__Work to be completed__
Give the number of lines in the entries that contain "Toppede". State only the count.

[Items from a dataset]
◇ ◇ ◇ ◇
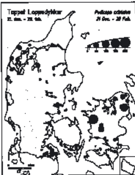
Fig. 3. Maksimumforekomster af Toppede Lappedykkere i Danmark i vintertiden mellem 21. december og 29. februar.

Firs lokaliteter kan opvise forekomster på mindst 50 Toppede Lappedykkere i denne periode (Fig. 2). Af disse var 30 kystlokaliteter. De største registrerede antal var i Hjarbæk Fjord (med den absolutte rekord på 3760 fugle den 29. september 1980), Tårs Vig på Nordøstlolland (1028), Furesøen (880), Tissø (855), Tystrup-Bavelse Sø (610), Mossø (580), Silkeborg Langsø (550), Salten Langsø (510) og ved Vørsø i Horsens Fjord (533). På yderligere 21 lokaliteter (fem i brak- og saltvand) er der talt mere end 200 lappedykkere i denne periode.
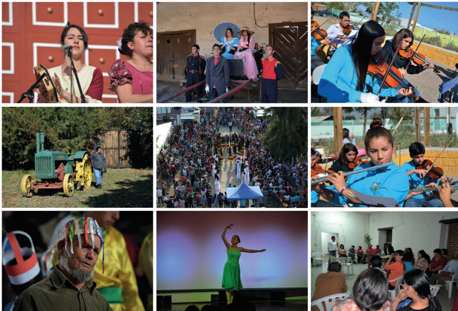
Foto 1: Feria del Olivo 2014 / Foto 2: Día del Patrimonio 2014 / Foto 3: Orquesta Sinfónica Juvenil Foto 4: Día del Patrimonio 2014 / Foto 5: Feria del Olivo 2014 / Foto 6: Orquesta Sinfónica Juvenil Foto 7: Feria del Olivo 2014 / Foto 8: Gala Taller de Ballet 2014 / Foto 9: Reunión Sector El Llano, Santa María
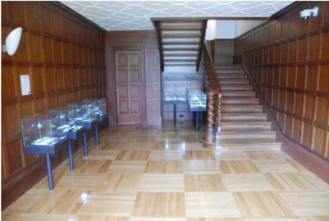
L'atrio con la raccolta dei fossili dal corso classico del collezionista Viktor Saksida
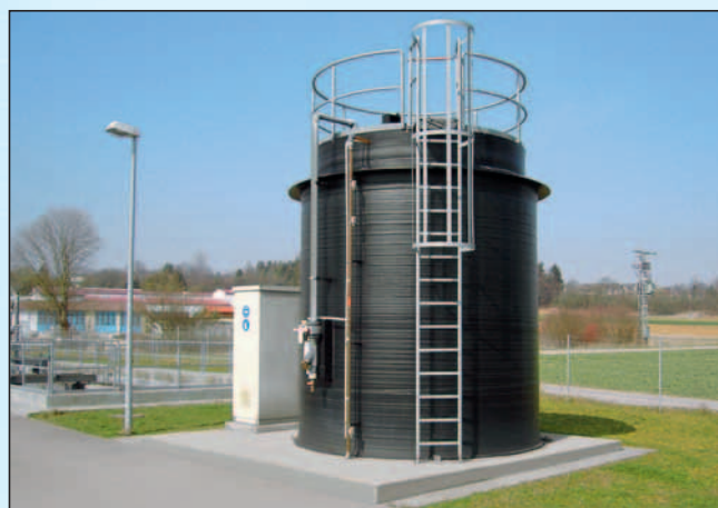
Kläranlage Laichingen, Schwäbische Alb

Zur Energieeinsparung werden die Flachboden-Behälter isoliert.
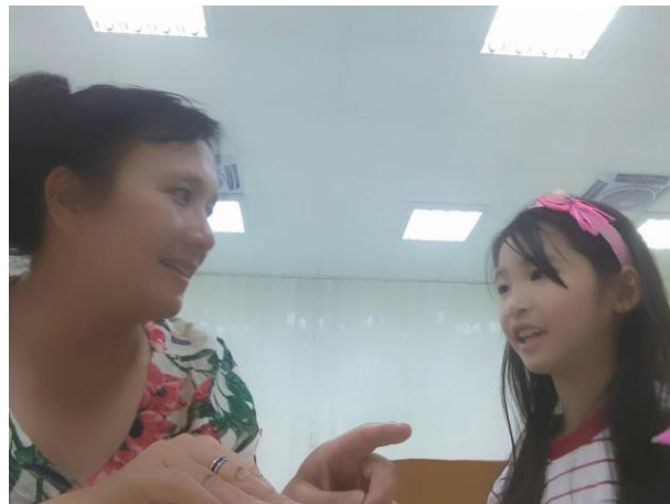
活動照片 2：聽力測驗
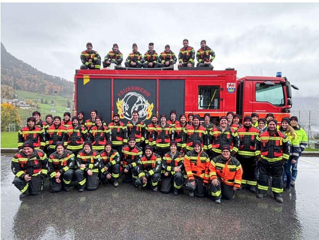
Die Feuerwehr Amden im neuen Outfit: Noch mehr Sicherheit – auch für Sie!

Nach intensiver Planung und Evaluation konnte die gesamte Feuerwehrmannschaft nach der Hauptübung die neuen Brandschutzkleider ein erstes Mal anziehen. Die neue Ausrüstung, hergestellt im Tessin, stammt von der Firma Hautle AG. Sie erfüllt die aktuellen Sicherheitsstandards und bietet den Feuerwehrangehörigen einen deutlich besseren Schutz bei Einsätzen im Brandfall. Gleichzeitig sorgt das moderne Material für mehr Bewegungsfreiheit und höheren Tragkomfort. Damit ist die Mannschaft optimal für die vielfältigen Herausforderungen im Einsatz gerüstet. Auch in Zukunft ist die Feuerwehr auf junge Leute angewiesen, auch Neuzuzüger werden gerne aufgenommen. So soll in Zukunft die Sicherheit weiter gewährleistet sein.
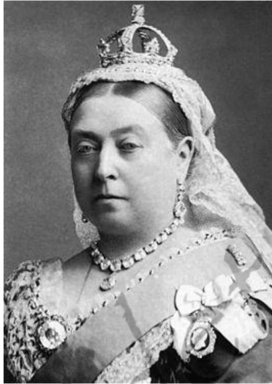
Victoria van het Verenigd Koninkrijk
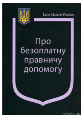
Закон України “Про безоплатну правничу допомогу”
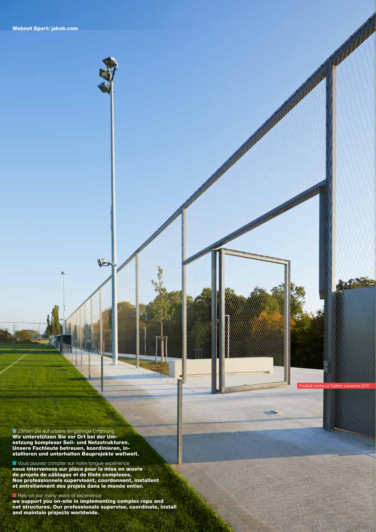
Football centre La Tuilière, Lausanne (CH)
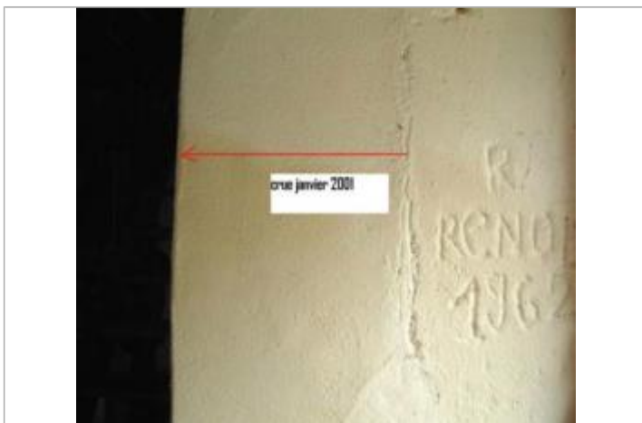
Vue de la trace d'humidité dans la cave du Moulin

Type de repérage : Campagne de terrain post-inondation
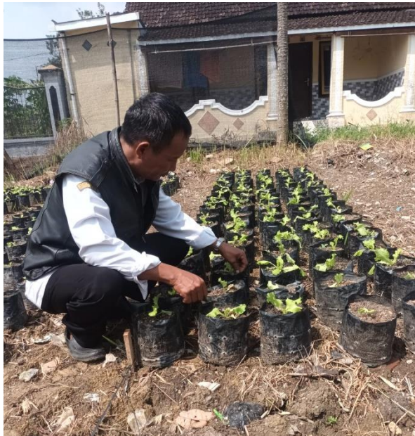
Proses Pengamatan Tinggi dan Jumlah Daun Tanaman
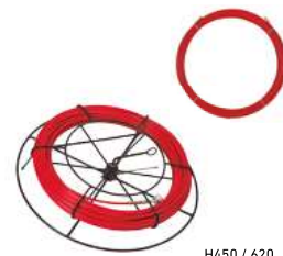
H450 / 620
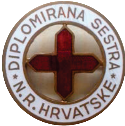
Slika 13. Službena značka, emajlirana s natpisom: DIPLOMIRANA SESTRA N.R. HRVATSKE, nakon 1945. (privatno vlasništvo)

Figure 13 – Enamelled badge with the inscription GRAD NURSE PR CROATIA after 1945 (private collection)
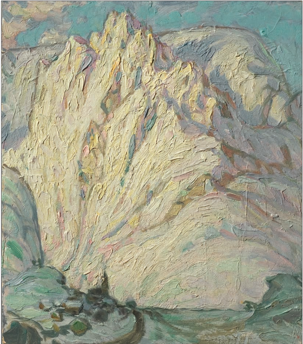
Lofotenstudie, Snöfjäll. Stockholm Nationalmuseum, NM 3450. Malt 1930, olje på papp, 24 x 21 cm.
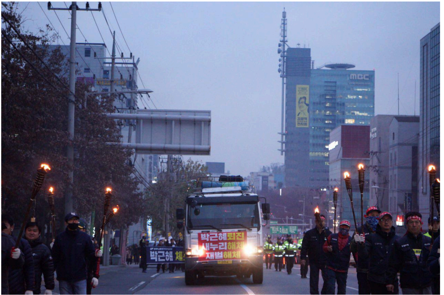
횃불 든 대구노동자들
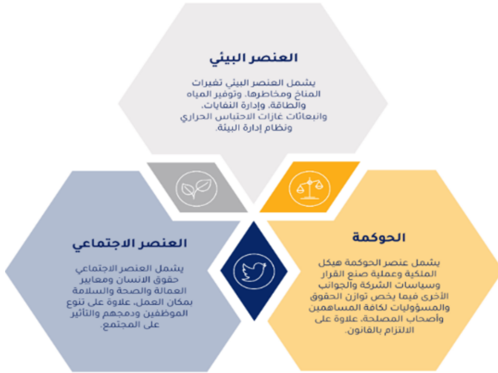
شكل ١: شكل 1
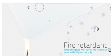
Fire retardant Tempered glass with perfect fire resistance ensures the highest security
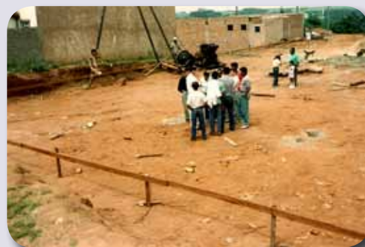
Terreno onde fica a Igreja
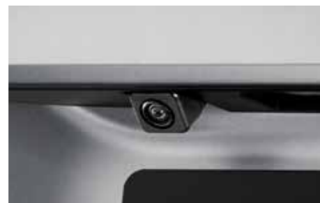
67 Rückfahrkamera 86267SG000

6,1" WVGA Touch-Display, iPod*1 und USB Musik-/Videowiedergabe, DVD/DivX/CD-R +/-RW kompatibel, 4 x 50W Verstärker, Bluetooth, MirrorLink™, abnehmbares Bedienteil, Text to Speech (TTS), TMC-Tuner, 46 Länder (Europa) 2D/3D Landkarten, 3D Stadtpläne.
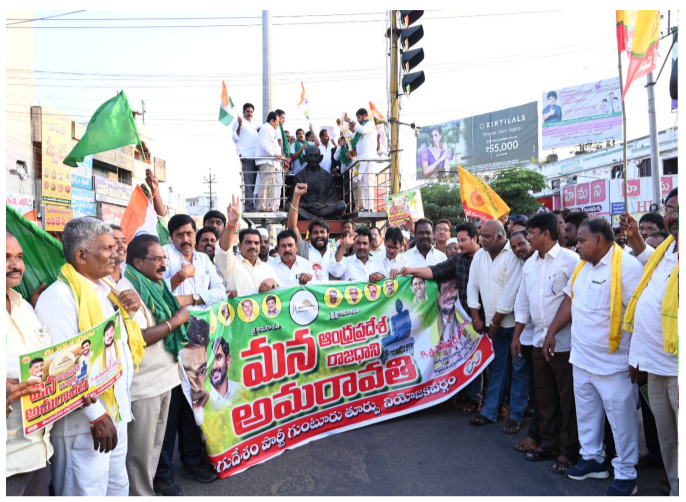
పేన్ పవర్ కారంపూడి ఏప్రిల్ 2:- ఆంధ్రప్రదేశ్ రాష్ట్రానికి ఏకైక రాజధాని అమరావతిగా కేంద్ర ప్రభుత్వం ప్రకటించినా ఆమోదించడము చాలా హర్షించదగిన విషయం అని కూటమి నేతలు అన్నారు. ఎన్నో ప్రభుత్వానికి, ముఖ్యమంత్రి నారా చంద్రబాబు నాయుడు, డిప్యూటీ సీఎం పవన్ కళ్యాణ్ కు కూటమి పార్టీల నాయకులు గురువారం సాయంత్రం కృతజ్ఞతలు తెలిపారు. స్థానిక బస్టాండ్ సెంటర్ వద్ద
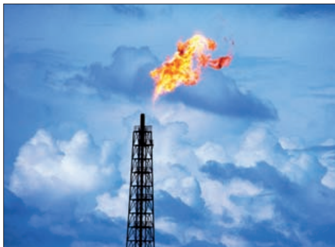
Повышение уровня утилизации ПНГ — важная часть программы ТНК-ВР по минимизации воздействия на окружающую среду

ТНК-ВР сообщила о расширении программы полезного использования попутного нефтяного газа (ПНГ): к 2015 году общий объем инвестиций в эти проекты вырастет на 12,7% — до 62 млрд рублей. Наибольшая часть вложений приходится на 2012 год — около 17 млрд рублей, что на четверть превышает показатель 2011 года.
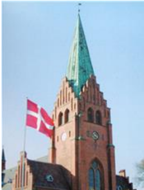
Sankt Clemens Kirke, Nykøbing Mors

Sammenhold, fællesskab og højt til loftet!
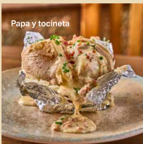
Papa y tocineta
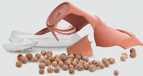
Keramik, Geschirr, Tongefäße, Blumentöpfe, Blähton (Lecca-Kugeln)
◇ ◇ ◇ ◇
__Exercise solution__
2